Entre árabes e judeus pouca paz houve então. A tensão e a rivalidade ganharam ao diálogo e à boa vizinhança. A degeneração em conflito aberto e violento não demorou. Assim já era nos anos 20 do séculos passado. Muito pior ficou depois da independência de 1948. Dois movimentos nacionalistas irremediavelmente concorrentes, perante o aparente desinteresse britânico. Aparente, apenas. Um nacionalismo que veio de fora, o outro, os árabes, que acordara para se desenvolver, como consequência daquele, o judaico. Conflitos mortíferos, a Palestina imersa em violência, principalmente depois de 1936, quando rebenta a grande revolta dos árabes na Palestina, instigada pelo Grande Mufti de Jerusalém, autoridade islâmica preponderante.

 

A violência continua após a Independência

Cerca de dez anos depois da ideia de partilha defendida pelos britânicos, essa solução parecia a única possível. Mas a independência de Israel deita-a por terra, sendo também o corolário incontornável da recusa árabe. Que se transforma em guerra. Os britânicos ainda conseguiram moderar o conflito. Mas em 1948 israelitas e árabes ficavam sozinhos, face a face. As intervenções de nações árabes exteriores nesse conflito interno de Israel transforma-o num confronto entre Estados. E seus aliados, no complexo xadrez da Guerra Fria.

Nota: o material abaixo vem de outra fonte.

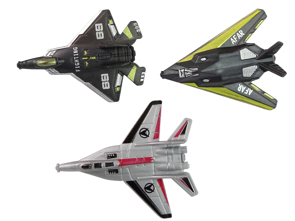 Odrzutowce mają charakterystyczne oznaczenie w wojskowych barwach. Podczas wojny mogą kontrolować sytuację z powietrza. Łódź podwodna ma zamontowane kółka, co ułatwia poruszanie nią po podłodze. Drugą jej zaletą jest wyrzutnia bomb, działa ja zwykły pistolet. Od góry ładujesz pocisk, pociągasz do siebie koniec łodzi podwodnej i strzał! Bomba wystrzela z dzioba statku, rozbijając przeciwnika.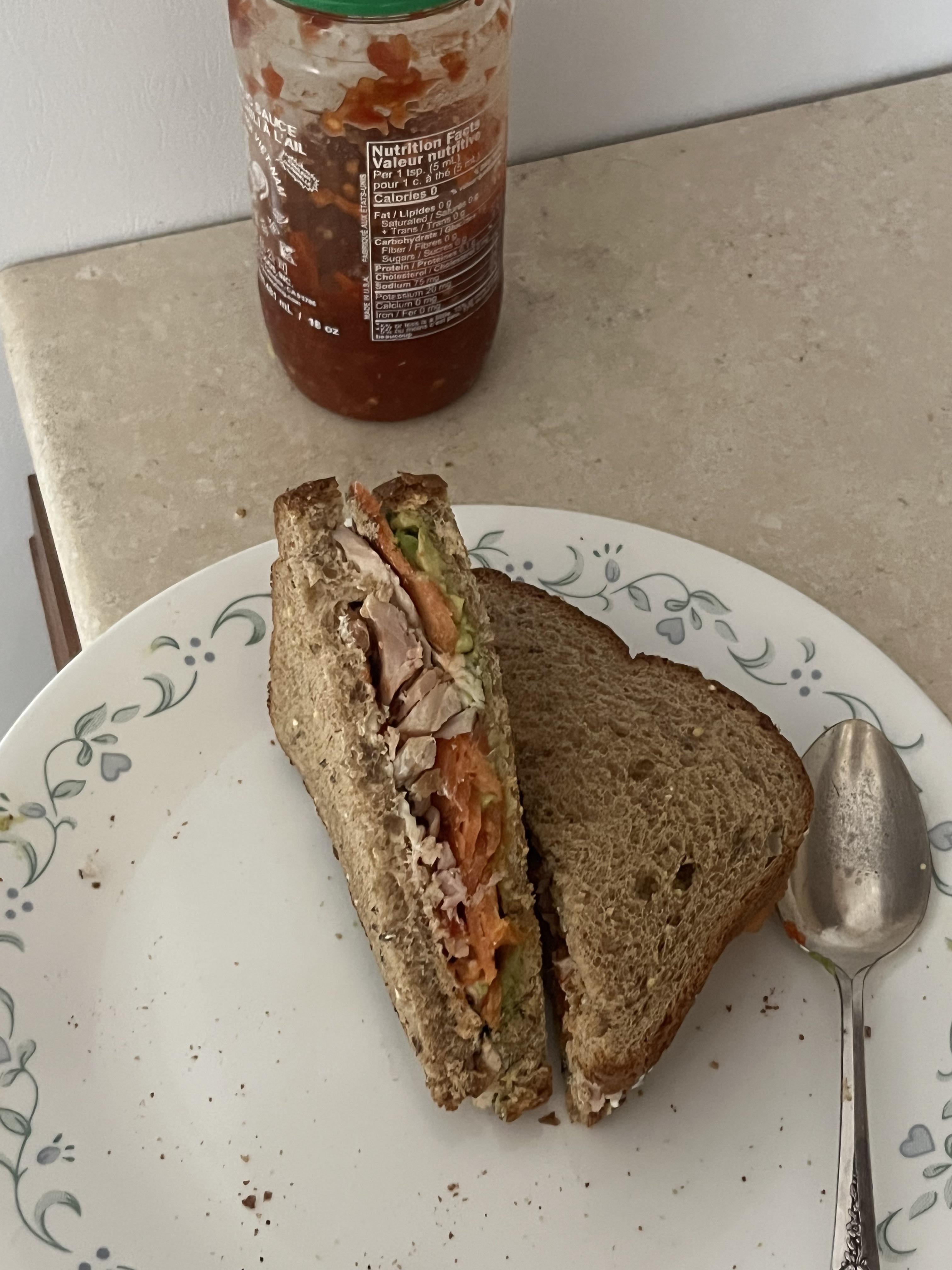 Smoked salmon, chicken, avocado, and cream cheese sandwich with chili garlic sauce

Os árabes da Palestina vivem entre derrotas e o êxodo forçado, atirados para campos de refugiados, apanhados entre a recusa israelita de os deixar regressar (onde quer que seja!) e o cinismo e indiferença dos Estados árabes vizinhos que os tratam como massas de gente pra manobrar e servir de arma de arremesso. Prometeram-lhes a Transjordânia para se constituírem aí como Estado. Os hachemitas da Jordânia criam o seu reino e privam os árabes da Palestina de terem o seu Estado. Centenas de milhares de pessoas sem rumo nem futuro, enganados e esquecidos pelos seus, atirados para canto pelos israelitas. Forjam porém o seu próprio nacionalismo, criado na marginalização dos campos de refugiados, na ostracização e negação, na indiferença de todos. São estes os ingredientes que acicatarão o terrível “cocktail molotov” palestiniano das próximas décadas. Em boa parte integrou-se na OLP, Organização de Libertação da Palestina, criada em Maio de 1964.

Em Junho de 1967 dá-se a Guerra dos Seis Dias. Ganham os israelitas a um aliança árabe. Uma humilhação que está na origem da violenta reacção terrorista palestiniana, apoiada por Governos árabes. No princípio, os palestinianos serão esmagados e escorraçados… por árabes. Depois reagem: o massacre de Munique, em plenos Jogos Olímpicos daquela cidade alemã, em 1972. O mundo assiste em directo a um massacre de atletas israelitas por terroristas árabes. A vingança e a matança rimam na semântica como na realidade geopolítica desde então.

Em 1977 a direita israelita chega pela primeira vez ao poder. Uma concepção romântica e maximalista do sionismo triunfa. A colonização dos novos territórios intensifica-se, instigando os árabes a reagirem. Cedem o Sinai aos Egípcios, todavia, com quem assinam um tratado de paz. Em troca, têm o caminho aberto para a ocupação da Cisjordânia. Pouco depois, em 1982, Israel inicia uma guerra oficial contra os palestinianos. Mas no sul do Líbano, santuário de organizações palestinianas activistas e pretensamente berço de terroristas, reza a propaganda israelita. O conflito ganha uma dimensão preocupante. Sem fim à vista.

Um drama que conhece o último acto, ou o mais importante e de maiores consequências em 1987, cinquenta anos depois da resolução de partilha da Palestina (aprovada em 1947 pela ONU), vinte anos depois da Guerra dos Seis Dias (1967), dez anos depois da chegada da direita israelita ao poder: surge a Intifada, ou “guerra das pedras”. Dos palestinianos contra Israel. O problema existencial do “Regresso a Sião”, como no salmo, coloca-se de forma aguda: como fazer viver numa mesma terra dois povos igualmente convencidos de que são os seus proprietários legítimos e que detêm os direitos históricos sobre a mesma? Aceita-se o velho princípio da partilha de 1947? Ou impõe-se aos árabes e ao mundo a soberania judaica sem partilha? A questão continua em aberto, com passado e presente. E o futuro?